If you are going out on a photography shoot what does it mean to Get Set

It means asking yourself, “What am I shooting? What is the setting? How should I set my camera before I go out?”

I find there are a handful of settings I like to tweak before I head out. If I forget to do this, I get the settings I used for my last photo session – this might be a completely different environment! I can then make further adjustments throughout the shoot, if needed.  

Here is what to think about:

1) Image quality (file size) 


Your camera lets you adjust the file size of your pictures; how much memory will be used to record this image.
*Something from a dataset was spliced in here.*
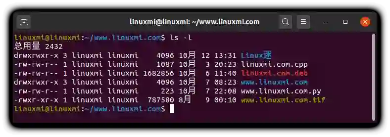 linuxmi@linuxmi:~/www.linuxmi.com$ ls -l

The choices usually include small, medium, and large jpeg compression file types and maybe a raw uncompressed image as well. 

To figure out what size image works best for you, it all depends on how you will use the image post-production. For most images that will be used online or in their digital format, small is big enough.  

When to use medium or large formats? Medium is great if you want to fill an online page with a bigger image (ie. full backgrounds or banners) or perhaps you plan to make some smaller (4×6) prints. Large will help you get reasonable quality in 8×10 prints.  

A jpeg image processes all the data captured and pares it down, hence why it’s known as a compressed image. The colour balance, warmth of image, sharpness of image, contrast, overall exposure, etc. are all set. The 24 MB image your camera captured is now 2 MB.   

In a raw file you get all the data, all 24 MB, for the image. It is unprocessed. Choosing raw is a commitment to working with the file in some image management software like Lightroom/Photoshop. A big part of the fun in raw is you get to make all your own decisions about the adjustments like contrast, colour balance, etc. And it’s easy—usually just a series of sliders you can adjust. A raw image that has not been “processed” might often look flat, but after working it you can have a dynamic, stunning image. Also, a raw image often has enough data that you can crop to a smaller image without losing image quality. 

For those unplanned shoots, many smartphones (such as the newer Apple iPhone and Samsung Galaxy ranges) also have the ability to shoot in raw format.

2)  Focus


Manual or automatic? I start with automatic and then in situations where that function is challenged, I might switch to manual. Most cameras also give you a choice as to what is being focused on. You can choose the centre of the frame, some other point in the field, or an average, or a centre weighted average. These can make for fun experiments.  

For example, when taking an image of a bird, I often have it on centre focus and I put the bird smack in the centre. I can always recompose with a crop later if I want the bird at a different place.

3) Image stabilization


I leave this on unless there is a specific reason I don’t want it. Maybe I want things blurry. Here is the Hollyhock Garden but you might not recognize it. 

4) Sound off

My preference is to turn off camera beeps. Why add noise to your creative process, and why disturb everyone else?

There isn’t enough room today to cover the rest of the settings in detail but here are a few things that you should look into to deepen your photo quality:

5) Exposure Mode: I like to start in Program mode rather than Auto as it allows me to make easy adjustments as I go. Lots to learn about the other exposure modes available now.  

6) White Balance: I start in Auto and only rarely shift as necessary, like if I am under fluorescent lights. 

7) Beginning ISO: This is how you set how sensitive you want the sensor to be, like the speed of the film in the old days. There is also a lot to talk about here. In broad daylight, I might start with an ISO of 400, boosting as needed for clouds or lower light. Indoors in a darkened room I might be way up at 24,000. It is complicated.

Think of it like the ISO is the context within which you choose shutter speed and aperture; aperture being the amount of light being allowed into the lens. If you can’t get the settings you want, sometimes you just need to adjust the ISO and try again.